Parquet Logical Type Definitions

Logical types are used to extend the types that parquet can be used to store, by specifying how the primitive types should be interpreted. This keeps the set of primitive types to a minimum and reuses parquet's efficient encodings. For example, strings are stored as byte arrays (binary) with a UTF8 annotation.

This file contains the specification for all logical types.

Metadata

The parquet format's ConvertedType stores the type annotation. The annotation may require additional metadata fields, as well as rules for those fields.

UTF8 (Strings)

UTF8 may only be used to annotate the binary primitive type and indicates that the byte array should be interpreted as a UTF-8 encoded character string.

DECIMAL

DECIMAL annotation represents arbitrary-precision signed decimal numbers of the form unscaledValue * 10^(-scale).

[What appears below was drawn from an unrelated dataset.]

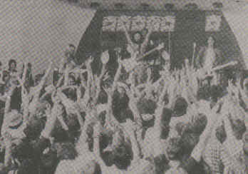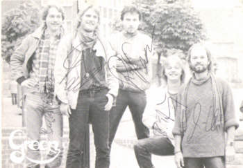 An der ersten LP wird zur Zeit gearbeitet. Sie soll demnächst veröffentlicht werden. Bis dahin verschaffen Demo-Bänder einen guten Eindruck von dem, was GREEN zu bieten hat. Übrigens, für Veranstalter: GREEN verfügt über ein professionelles P.A. und eine eigene Lichtanlage, so daß bei Auftritten Optik und Akustik stimmen. Musikertreff 9/79 GREEN heizt ein GREEN bewährte sich wieder einmal als Garant für eine Wahnsinnsfetenstimmung. Gegen Ende gerieten die Fans total aus dem Häuschen. Bei "Smoke on the water" gings so richtig los. Wer noch sitzenbleiben wollte, mußte aufpassen, nicht von den rockenden Oldie-Fans zertrampelt zu werden. Die Leute ertobten sich noch mehrere Zugaben. Und wer bei "Satisfaction" noch ruhig sitzen oder stehen blieb, ist ganz bestimmt ein hoffnungsloser Fall ... Fazit: GREEN schafft es (ganz besonders durch die Persönlichkeit Millas und den fetzigen Bubi Hönig) das Publikum unmittelbar anzusprechen und ein absolutes Oldie-feeling zu vermitteln, - übrigens auch mit ihren selbstgeschriebenen Stücken, - und für den Spaß wird GREEN von seinem Publikum geliebt. Musiker 6/79 Im Gebiet Wuppertal/Hagen scheint sich eine der interessantesten und produktivsten Szenen in Deutschland zu entwickeln. Denken wir an Hölderlin, Grobschnitt, Ramblers, Cataract und Plastique. Ebenfalls aus dieser Gegend kommt auch die Gruppe GREEN, die das Zeug zu haben scheint, in dieser Reihe bald mit aufgeführt zu werden. Wir trafen sie beim letzten Dortmunder Uni-Fest, wo sie vor über 2.000 Leuten bis drei Uhr nachts spielten und höllisch einen losmachten. Anschließend unterhielten wir uns in lockerer Atmosphäre mit der Band. Musikertreff 1980 Hallo, GREEN kommt! Das war das, worauf die Hohenlimburger schon seit längerem gewartet hatten. Nun ja, sie waren auch zahlreich erschienen. Man munkelt so um die 350 Personen. Und das im Mini-Jugendheim! Die Stimmung war schon vor dem Konzert sehr erwartungsvoll. GREEN jetzt mit neuem Tastenmann erfüllte natürlich die Erwartungen der Jugendlichen voll. Die Fans dankten es den Musikern auch; der Saal erinnerte an die ersten 10 Reihen beim Udo Lindenberg-Konzert. So etwas hatte man lange nicht mehr in Hohenlimburg gesehen! Der Verfolgerspot der neuen, wirklich toften Lichtanlage sorgte durch übermäßige Saftabnahme aus dem Stromnetz des Jugendheims für kleine Unterbrechungen, die von Fox mit kernigen Drumsoli überbrückt wurden. Trotz dieser kleinen Unterbrechungen konnte GREEN wieder einmal voll überzeugen. Auch der neue Tastenmann Dirk Lindemann (Ex Fasten Seat Belts) integrierte sich sehr gut bei der sonst unveränderten Gruppe. Neben neuen Liedern, die demnächst (genauer Termin steht noch nicht fest) auf einer LP zu hören sind, spielten GREEN die guten alten Songs, auf die die Discoverwöhnten Jugendlichen voll abfuhren. Nach zwei Zugaben, die mit Jumpin Jack Flash und Satisfaction die Hörer (und Dancer) total zum Ausflippen brachten, konnte GREEN, die am Vorabend in Gießen noch bis zwei Uhr morgens gespielt hatten, wirklich nicht mehr! Ende, nichts geht mehr ... |

The primitive type stores an unscaled integer value. For byte arrays, binary and fixed, the unscaled number must be encoded as two's complement using big-endian byte order (the most significant byte is the zeroth element). The scale stores the number of digits of that value that are to the right of the decimal point, and the precision stores the maximum number of digits supported in the unscaled value.

If not specified, the scale is 0. Scale must be zero or a positive integer less than the precision. Precision is required and must be a non-zero positive integer. A precision too large for the underlying type (see below) is an error.

DECIMAL can be used to annotate the following types:

  • int32: for 1 <= precision <= 9
  • int64: for 1 <= precision <= 18; precision <= 10 will produce a warning
  • fixed_len_byte_array: precision is limited by the array size. Length n can store <= floor(log_10(2^(8*n - 1) - 1)) base-10 digits
  • binary: precision is not limited, but is required. The minimum number of bytes to store the unscaled value should be used.

A SchemaElement with the DECIMAL ConvertedType must also have both scale and precision fields set, even if scale is 0 by default.